彼女の声は罪悪感というには、あまりにも暗く絶望に満ちていたのだから。

「何か嫌なことでもあったのか?その好きな奴のことか?」
[…]
「…なぁ、薫」
[大丈夫、だよ]

無理やり明るくしたような声が耳朶を打つ。そんな言葉、いくら人よりも楽観的な自分だって信じられるはずが無かった。明らかに大丈夫な訳がない。無理をしているのは表情が分からなくても明らかに目に見えていた。
だって、本当に大丈夫な人間は、声を震わして「大丈夫」なんてそんな強がりだと分かるようなことを言わない。
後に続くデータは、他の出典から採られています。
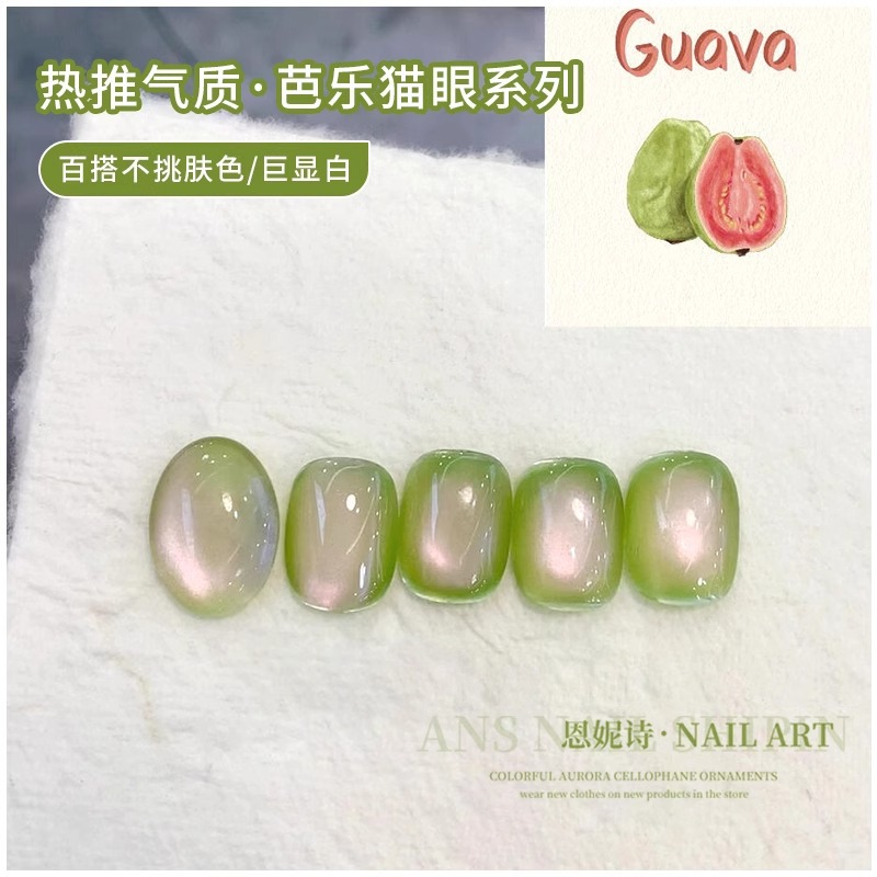 恩尼詩ネット紅爆金巴楽猫眼爪油ゴム2025春夏新作緑ガラス珠猫眼ゴム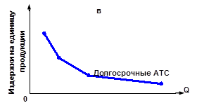 Рис. 7. Типы кривых долгосрочных ATC 3. Если же в течении определённого времени производства долгосрочные средние общие издержки никак не реагируют на изменение объёма выпуска, т.е. остаются неизменными, то фирма будет иметь постоянный эффект от изменения масштаба производства. Например, рост количества применяемых ресурсов на 10 % вызвал рост объёмов производства также на 10 %. Данный временной интервал отвечает варианту II функционирования расширяющейся фирмы (рис.6). [16, с. 178-182] Итак, суть эффекта масштаба сводится к тому, что в одних случаях расширение объёма выпуска будет сопровождаться снижением долговременных средних общих издержек, в других - их увеличением. Это обстоятельство оказывает существенное влияние на структуру той или иной отрасли. Чтобы понять это воздействие, вводится понятие минимального эффективного масштаба (MES), т.е. наименьшего объёма производства, при котором фирма может минимизировать свои долгосрочные средние общие издержки. На рис.6 видно, что это возможно при объёме выпуска, равном OQ1 . Выбор оптимального размера предприятия будет зависеть от того, какая ситуация складывается с долгосрочными средними общими издержками. Если наблюдается тенденция снижения последних с увеличением объёма выпуска и если этот временной интервал достаточно продолжителен (рис.7, а), то наибольшую эффективность продемонстрируют крупные фирмы, ибо они обладают возможностью наиболее полно использовать последствия положительного эффекта масштаба. Если же положительный эффект масштаба по временной продолжительности является относительно небольшим (рис.7, б) и быстро сменяется отрицательным эффектом, то эффективнее других будут выглядеть небольшие фирмы, ибо они в состоянии оперативно вносить необходимые коррективы в свою хозяйственную политику. Значителен удельный вес производства малых фирм в сельскохозяйственной отрасли, сфере услуг и некоторых отраслях лёгкой промышленности. В случае достаточной продолжительности временного интервала с постоянной отдачей от применяемых производственных факторов, когда положительный эффект масштаба уже себя исчерпал, а отрицательный не вступает в действие до тех пор, пока не достигнуты значительные объёмы производства, одинаково эффективными окажутся и крупные и небольшие фирмы. На рис.6 показана эта ситуация на том отрезке кривой долгосрочных средних издержек, который описывает объём производства, равный Q1 Q2 . Нельзя полагать, что во всех случаях расширение объёмов выпуска будет сопровождаться чётко прослеживаемой сменой названных временных интервалов. Хозяйственный опыт показывает, что для некоторых отраслей (например, для обрабатывающей) типична относительная продолжительность положительного эффекта масштаба при условии больших объёмов выпуска (рис.7, в). Из рис.7, в видно, что кривая долгосрочных ATC сначала стремительно падает, затем темп падения замедляется и она плавно снижается с увеличением объёма выпуска. Средние издержки приближаются к постоянным. Такие кривые называются ещё L-образными кривыми. Для эффективного управления расходами предприятия целесообразно воспользоваться соответствующей их классификацией. Эта классификация может быть использована в процессе учета, анализа, планирования и контроля расходов предприятия и проводится по следующим основны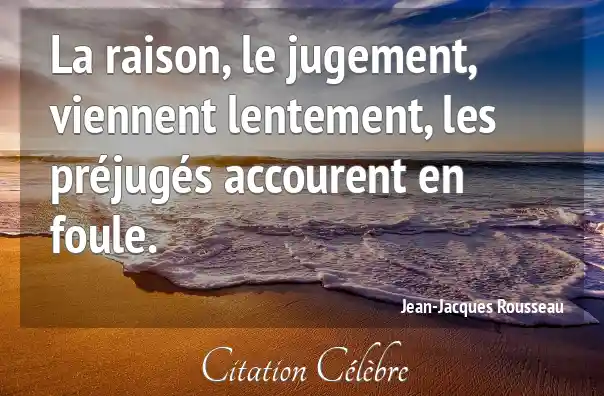 La raison, le jugement, viennent lentement, les préjugés accourent en foule.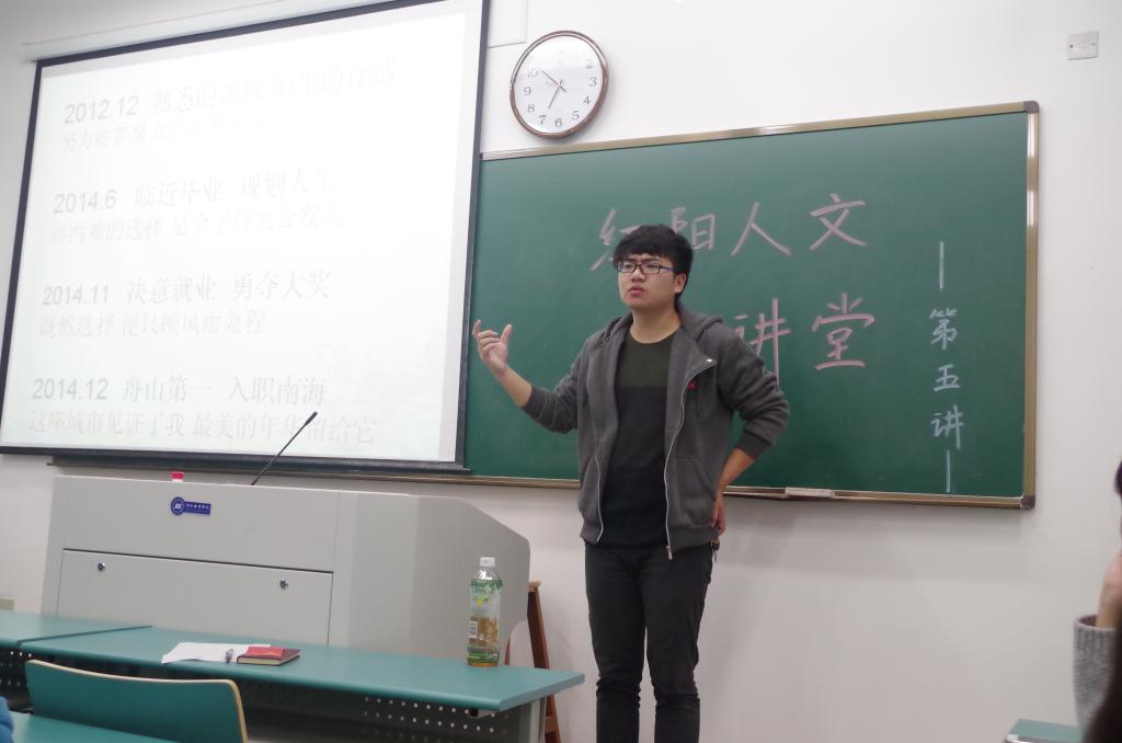 11月22日18:00,人文学院红阳人文大讲堂第五讲在公共教学楼426教室举行。本次大讲堂邀请了人文学院11级校友、现南海实验学校教师洪佳铖为大家主讲。他以“鲜花在远方,而我们永远在路上”为主题,与大家一起分享他大学四年的成长历程及其中的宝贵经验。

[私は大丈夫だから。…心配してくれてありがとう、綱海くん]

違う、そんなお礼が欲しい訳じゃなかった。そんな風に強がって欲しかった訳じゃない。…けれど、今は憎らしいほどに距離が離れてしまっている自分には、彼女にかけてやる言葉を持ち合わせてはいなかった。
一瞬だけ、彼女と自分を隔ててしまう海に苛立ちを覚える。そんなものに腹を立てたって意味が無いことは分かっているが、それなら自分は何にこの気持ちをぶつけてしまえば良かった。

「…くそッ!」

「じゃあ、またね」という陳腐な会話の終わりを告げた彼女から電話が切られた瞬間、綱海は携帯を砂浜に放り投げ猛然と海に突っ込んでいく。
深く、深く奥底まで潜り込んで、ゴーグル越しに仰いだ水面は日の光で煌めいて美しかった。…この眺めを見たら、彼女の悩みも苦しみも、吹き飛ばすことができるのだろうか。
分からない。けれどしかし、それでも分かってしまったことがある。…悔しいけれど、自分は。

(笑わせてやれねぇ)

彼女を絶望から救ってくれる王子様は自分じゃ無い。先ほど実感したばかりの何とも残酷でシンプルな答えを綱海は、水の中で泡に溶かすようにして音の無い咆哮の声を上げた。







「…大丈夫なんだよ、綱海くん」

ぽとり、ぽとりと滴を溢して、彼女は引きつった笑みを無理やり浮かべて笑ってみせる。手には、ピンクの石が嵌め込まれたイルカのキーホルダーが宙にゆらりと揺れていた。
手のひらで包み込むように握り締めたそれを、彼女は額に押し当てて、静かに嗚咽をこぼす。

「わたしは、へいきだから」

叶わぬ恋を心で嘆いて顔で笑む。そんな歪な在り方を選んで。
明日も少女は、ただ一人の彼の人を想って泣くのだろうか。